Dr. Maha Karbahi’s areas of interest focus on the connection between social change, family behavior, and gender inequality in societies in the process of change and specifically in Palestinian Arab society in Israel. Her research draws attention to the study of family life and employment, using a combined “ethnic lens” and “gender lens” and paying attention to the perspective of Palestinian Arab women, a group characterized by intersections between multiple marginal locations, which over the years has remained hidden from the research eye. Dr. Karkabi-Sabah’s research is published in professional journals and chapters in scientific books that are considered pioneers in family research, work, and gender equality.


Prof. Frances Raday

Professor Emeritus in the Lieberman Chair in Labor Law, in the Faculty of Law at the Hebrew University and serves as a full professor in the College of Management’s academic track, where she also serves as chair of the graduate program and as honorary president of the Concord Center for International Law Absorption.

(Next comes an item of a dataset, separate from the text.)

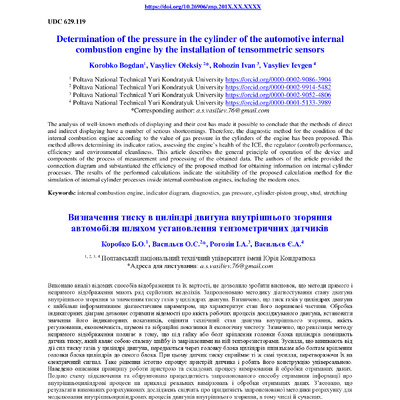 Determination of the pressure in the cylinder of the automotive internal combustion engine by the installation of tensommetric sensors

Radai was a member of a working group of the UN Human Rights Council on discrimination against women. In addition, she is a prominent and feminist human rights activist.


Dr. Rawia Aburabia 

Faculty member of Sapir Academic College’s School of Law, received her PhD from the Hebrew University of Jerusalem. Her research deals with the interface between law, gender, minorities, and human rights. Has published in leading journals on the subject of the matrimonial laws pertaining to Muslim women in Israel. Her book Under the Law, Outside Justice: Polygamy, Gendered Citizenship, and Colonialism in Israeli Law is expected to be published as part of the Gender Series of Kibbutz Meuhad Publishing House.

Dr. Aburabia has extensive experience in international human rights and public law. She has worked as a jurist for the Association for Civil Right and has been invited as a specialist to address such international forums as the United Nations and the European Parliament on the subject of indigenous communities and minority rights. She has interned with Human Rights Watch in Washington DC, and has been a member of the executive board of Amnesty International. In 2018, she was selected by the magazine Globes as one of the 40 most promising young persons in Israel under the age of 40.



Ron Kessler

With over two decades of experience in the field of digital content, Ron has participated in numerous political and social campaigns. He helped run the digital activity of senior public officials, and worked in various NGOs. Ron is a fundamentally optimistic man, who believes that Israel can be changed and so can people. Lives in Tel Aviv.